Lex Spoon lex at cc.gatech.edu
Mon Nov 15 11:14:11 UTC 1999


Bijan Parsia <bparsia at email.unc.edu> wrote:
> > Bijan Parsia <bparsia at email.unc.edu> wrote:
> > > Right now, it's *impossible* to write a web
> > > server/web application that can handle multiple simlultanous
requests
> > (at
> > > least, on the mac). 
> > 
> > Why can't it?  I just tried, and I'm downloading two different
versions
> > of osprocess off of the Squeak swiki, which is running on a mac. 
Both
> > download progress bars are updating simultaneously.
> 
> We're the *requests* truely simultaneous? Yes, the *serving* can
happen,
> but there is a period after receiving a request wherein the sever
refuses
> connections. C'mon. We see this all the time on the Squeak Swiki
(which
> has multithreaded PWS processing, so *that's* not what's causing
> difficulty).
> 

No, but you just said "simultaneous" requests, so it wasn't clear what
you meant.  The more specific feature you describe is indeed important
on a busy server.

However, the necessary primitive for it is now in; one just needs to
lobby some Mac programmer or another to try and implement it.  (It looks
like this is happening).  And incidentally, minnow has an unrelated
problem lately: it seems to have decided that 4 sockets are enough for
anyone.  This is odd, because other Mac servers will allow many more
connections to be open at once.


[ networking is unstable on Bijan's Macs ]
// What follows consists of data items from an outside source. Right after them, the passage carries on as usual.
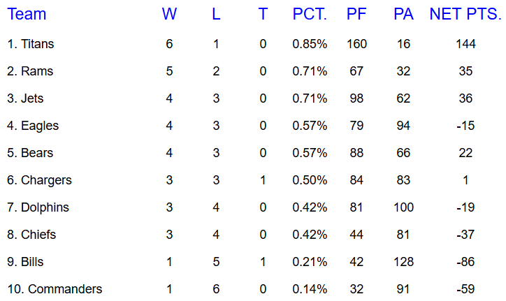 2025 FALL SEASON STANDINGS
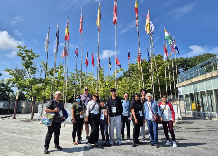 ▲ 환승투어에 참여중인 외국인이 애기봉 평화생태공원에서 기념사진을 찍고 있다. |
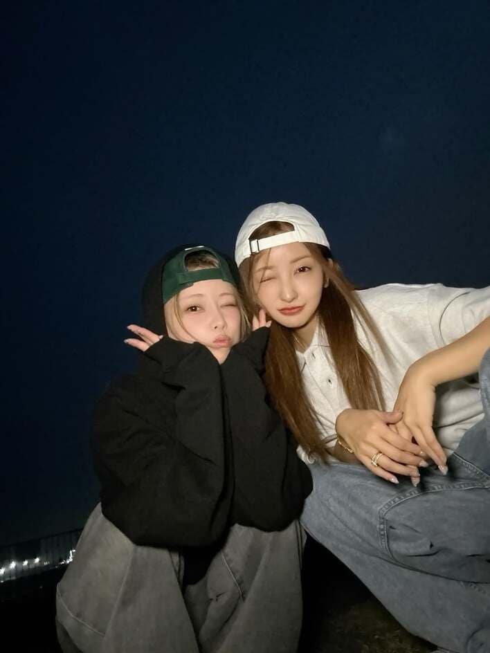 「意外な組み合わせ」板野友美 重盛さと美と“舌出し&裏ピース”!ギャルっぽさあふれるストリートコーデでの密着ショットに「推しと推しのコラボ」

Ahhh, you've been seeing a lot of crashes.  That's not good.  Have you
tried hashing out what went wrong over on the pws list?  Perhaps
ConnectionQueue was running out of sockets and busy looping.  We (Tech
squeakers) have a patch that keeps this from becoming a hard crash, if
this is the problem.  Hopefully this patch becomes a squeak default
eventually.

In any case, this thread started out about rehashing sockets for
performance reasons, and I had thought you were complaining that current
Squeak's are too slow for practical use.  I now see that you are
complaining about stability, which is important but different.
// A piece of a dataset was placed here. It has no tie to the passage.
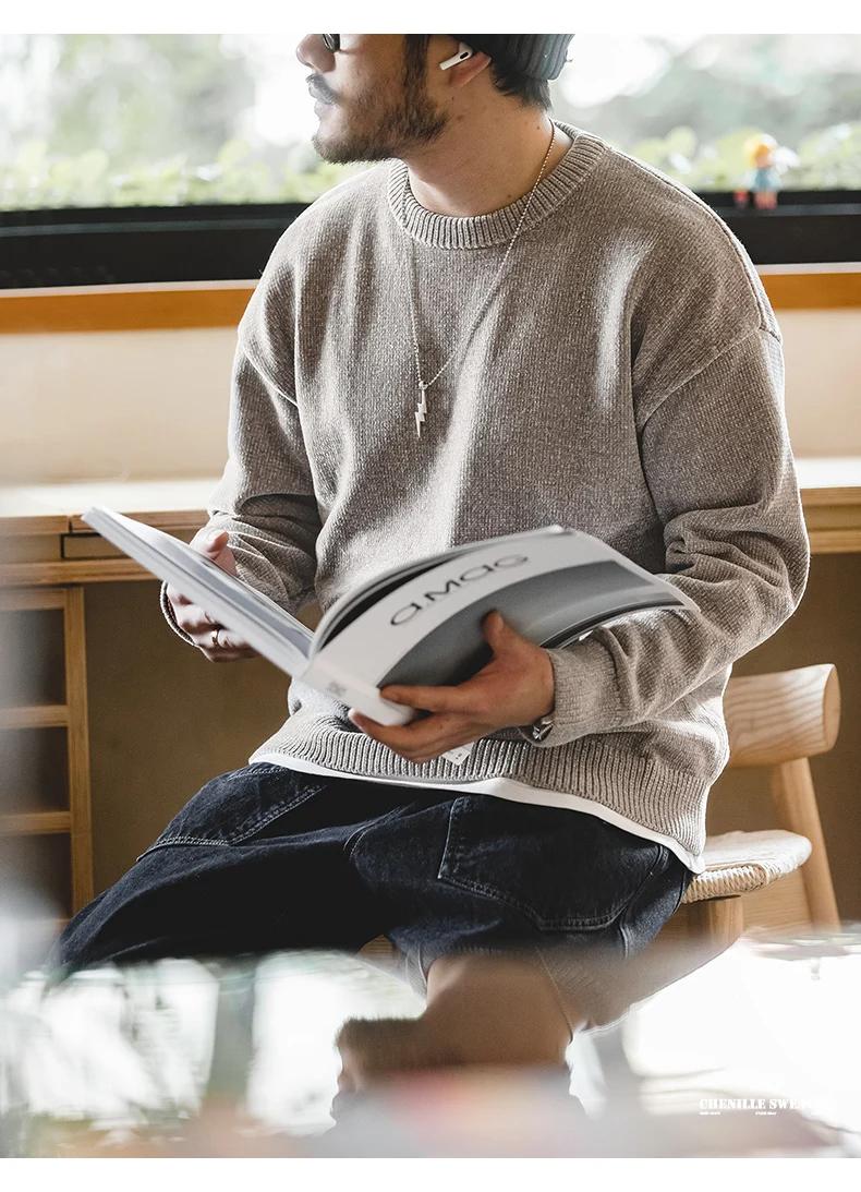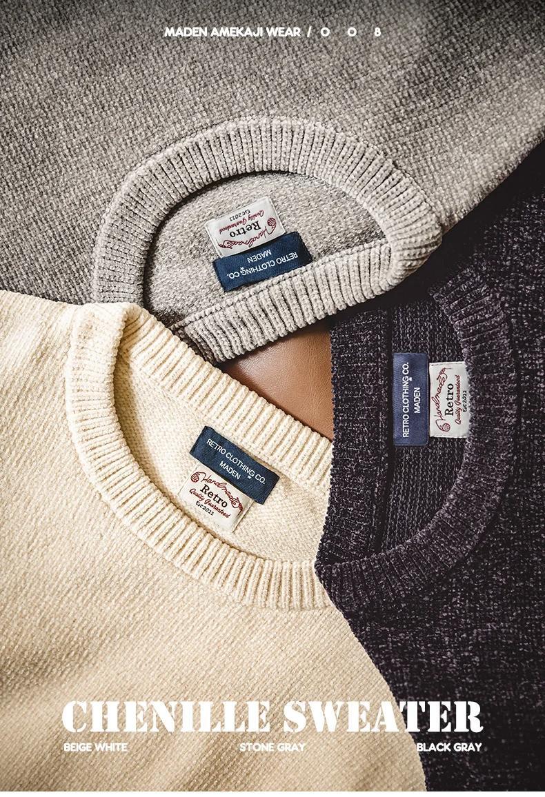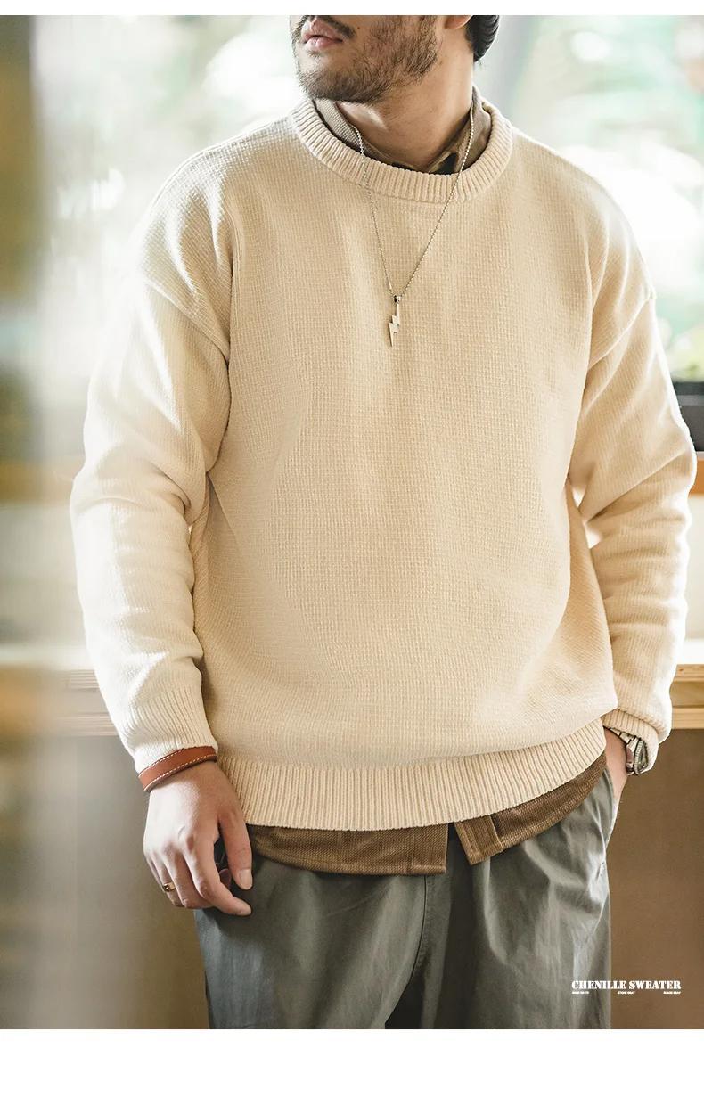 마덴 남성용 셔닐 스웨터 – 부드럽고 아늑한 라운드 넥 따뜻한 기본 니트 풀오버

The biggest stability bugs we've found at GT have been in dealing with
the situation where sockets have run out.  The second biggest problem is
in the way sockets are shut down; TCP is picky about how it's down, and
if you do it wrong, the connection will get aborted early.  We've done a lot
of beating on Squeak networking, and not seen a need for any primitives
other than the listenOn:backlog: one that got added recently.